*** Supplied entries

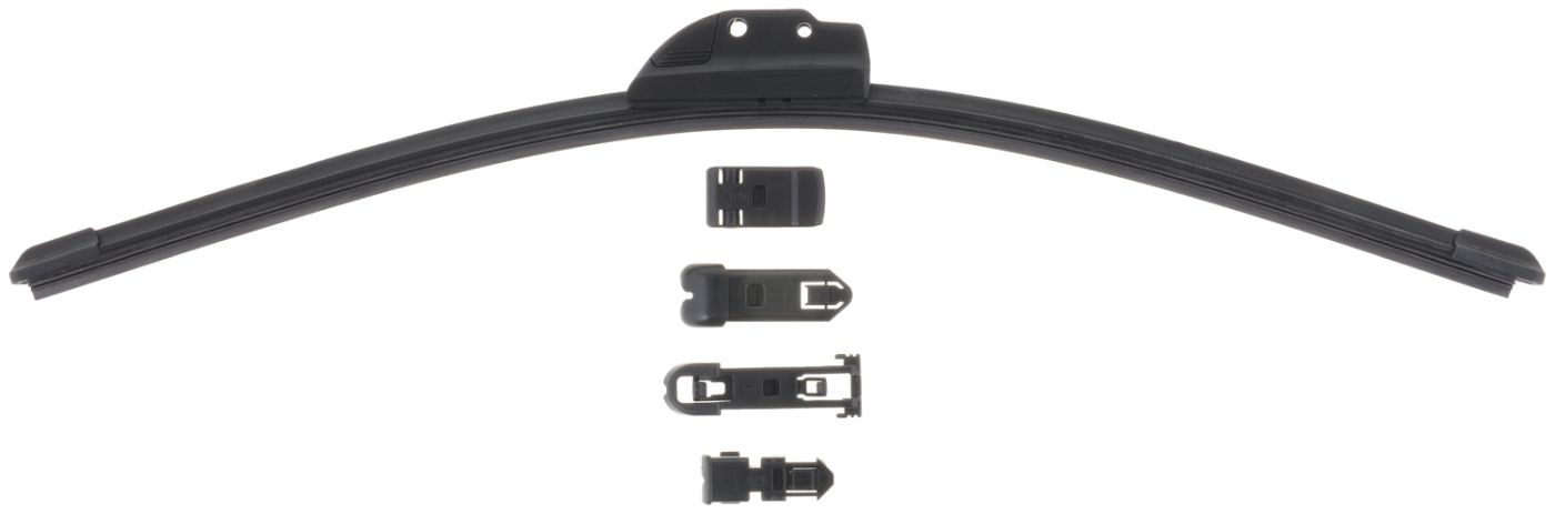 A blended natural rubber with graphite treated wiping edge to reduce friction for a clean and quiet wipe An aerodynamic wind spoiler to create a downward force which ensures consistent wiping at high speeds A patented beam design to resist ice and snow build up for use in extreme cold The Click-On adapter system for quick and easy installation
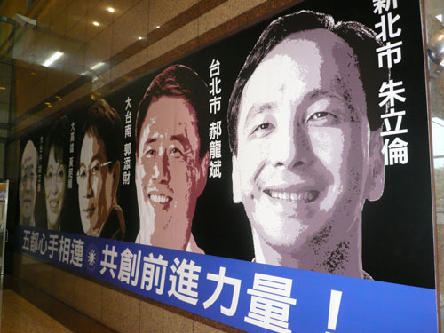 國(guó)民黨當(dāng)初為因應(yīng)“五都”選舉,特別在中央黨部1樓大廳兩側(cè)張貼巨型的“五都”市長(zhǎng)候選人看板,訴求“‘五都’心手相連,共創(chuàng)前進(jìn)力量!笨窗迳,新北市長(zhǎng)候選人朱立倫、臺(tái)北市長(zhǎng)候選人郝龍斌、臺(tái)南市長(zhǎng)候選人郭添財(cái)、高雄市長(zhǎng)候選人黃昭順、臺(tái)中市長(zhǎng)候選人胡志強(qiáng)的照片一一呈現(xiàn)。
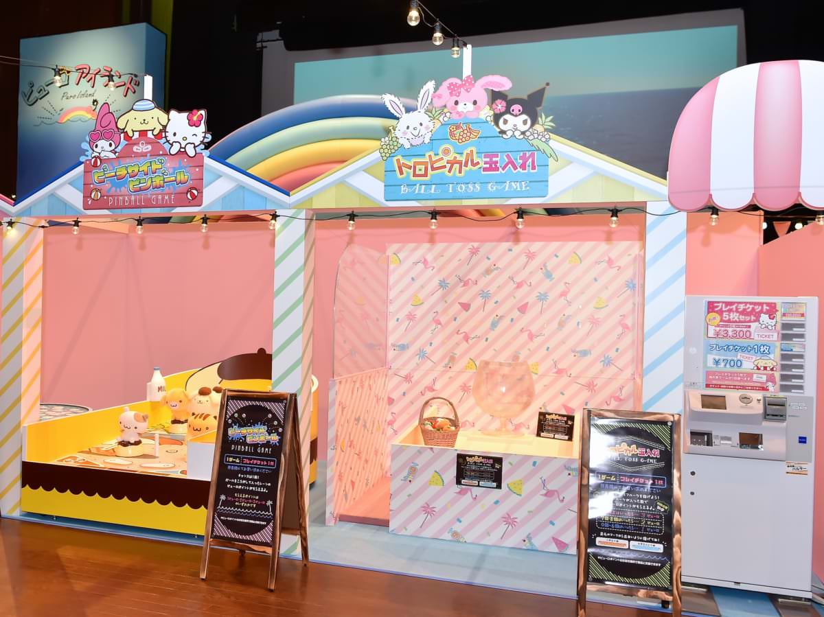 日焼けした「ハローキティ」や「ピューロ夏フェスLIVE!!!!」で登場するコスチュームを着たキャラクターなど、ここだけで楽しめるスペシャルグリーティングや、魚釣りや玉入れ、ピンボールに挑戦できる「海の家ゲーム」が楽しめます。
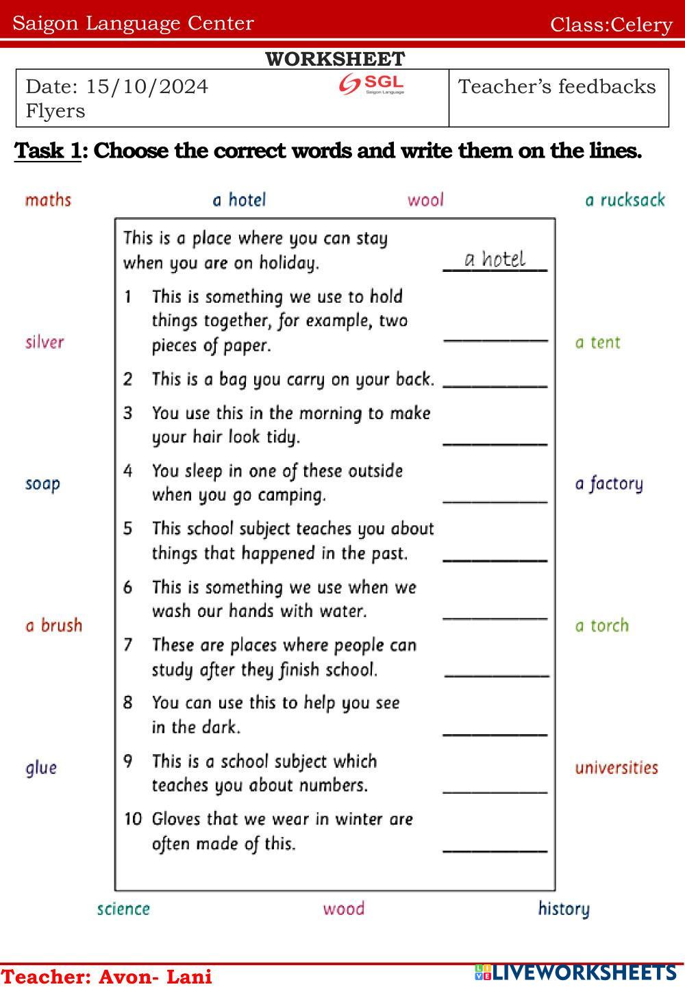 Created byNguyễn Thị ThanhThao english english Age 10-17 level: ffs4 Vietnamese Author's Instructions english My Google Classroom Courses × 0 classes selected (0 students total) Quick Access Select all classes (0 classes) All Classes Loading courses... Cancel Share Share to selected Course __COURSE_NAME__ __STUDENT_NAME__ (__STUDENT_EMAIL__) Celery Download Worksheet Validation Check my answers Emails my answers to my teacher Full name Group/level School subject Teacher's email or key code Close Submit Validating worksheet... (12) Your answers have been sent to your teacher. Good luck! OK We encountered an error submitting your answers. Please try again. OK Advertisement | Go Ad Free Created byNguyễn Thị ThanhThao english english Age 10-17 level: ffs4 Vietnamese Author's Instructions english
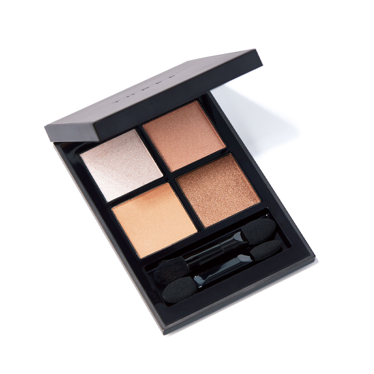 パール、サテン、マット、メタリック、4つの質感と、トープニュアンスの4色を掛け合わせたパレットから、ジェンダーフルイドなベージュ系を。グレイッシュピンクと光のニュアンスが、モダンな色気を宿す。
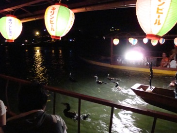 船で筑後川の日本で最南端という鵜飼いを見学。

******

> _Exercise_: The data above must be written out again without alteration, and the pictures in them must be excluded.

> _Solution for this task_:
 A blended natural rubber with graphite treated wiping edge to reduce friction for a clean and quiet wipe An aerodynamic wind spoiler to create a downward force which ensures consistent wiping at high speeds A patented beam design to resist ice and snow build up for use in extreme cold The Click-On adapter system for quick and easy installation
 國(guó)民黨當(dāng)初為因應(yīng)“五都”選舉,特別在中央黨部1樓大廳兩側(cè)張貼巨型的“五都”市長(zhǎng)候選人看板,訴求“‘五都’心手相連,共創(chuàng)前進(jìn)力量!笨窗迳,新北市長(zhǎng)候選人朱立倫、臺(tái)北市長(zhǎng)候選人郝龍斌、臺(tái)南市長(zhǎng)候選人郭添財(cái)、高雄市長(zhǎng)候選人黃昭順、臺(tái)中市長(zhǎng)候選人胡志強(qiáng)的照片一一呈現(xiàn)。
 日焼けした「ハローキティ」や「ピューロ夏フェスLIVE!!!!」で登場するコスチュームを着たキャラクターなど、ここだけで楽しめるスペシャルグリーティングや、魚釣りや玉入れ、ピンボールに挑戦できる「海の家ゲーム」が楽しめます。
 Created byNguyễn Thị ThanhThao english english Age 10-17 level: ffs4 Vietnamese Author's Instructions english My Google Classroom Courses × 0 classes selected (0 students total) Quick Access Select all classes (0 classes) All Classes Loading courses... Cancel Share Share to selected Course __COURSE_NAME__ __STUDENT_NAME__ (__STUDENT_EMAIL__) Celery Download Worksheet Validation Check my answers Emails my answers to my teacher Full name Group/level School subject Teacher's email or key code Close Submit Validating worksheet... (12) Your answers have been sent to your teacher. Good luck! OK We encountered an error submitting your answers. Please try again. OK Advertisement | Go Ad Free Created byNguyễn Thị ThanhThao english english Age 10-17 level: ffs4 Vietnamese Author's Instructions english
 パール、サテン、マット、メタリック、4つの質感と、トープニュアンスの4色を掛け合わせたパレットから、ジェンダーフルイドなベージュ系を。グレイッシュピンクと光のニュアンスが、モダンな色気を宿す。
 船で筑後川の日本で最南端という鵜飼いを見学。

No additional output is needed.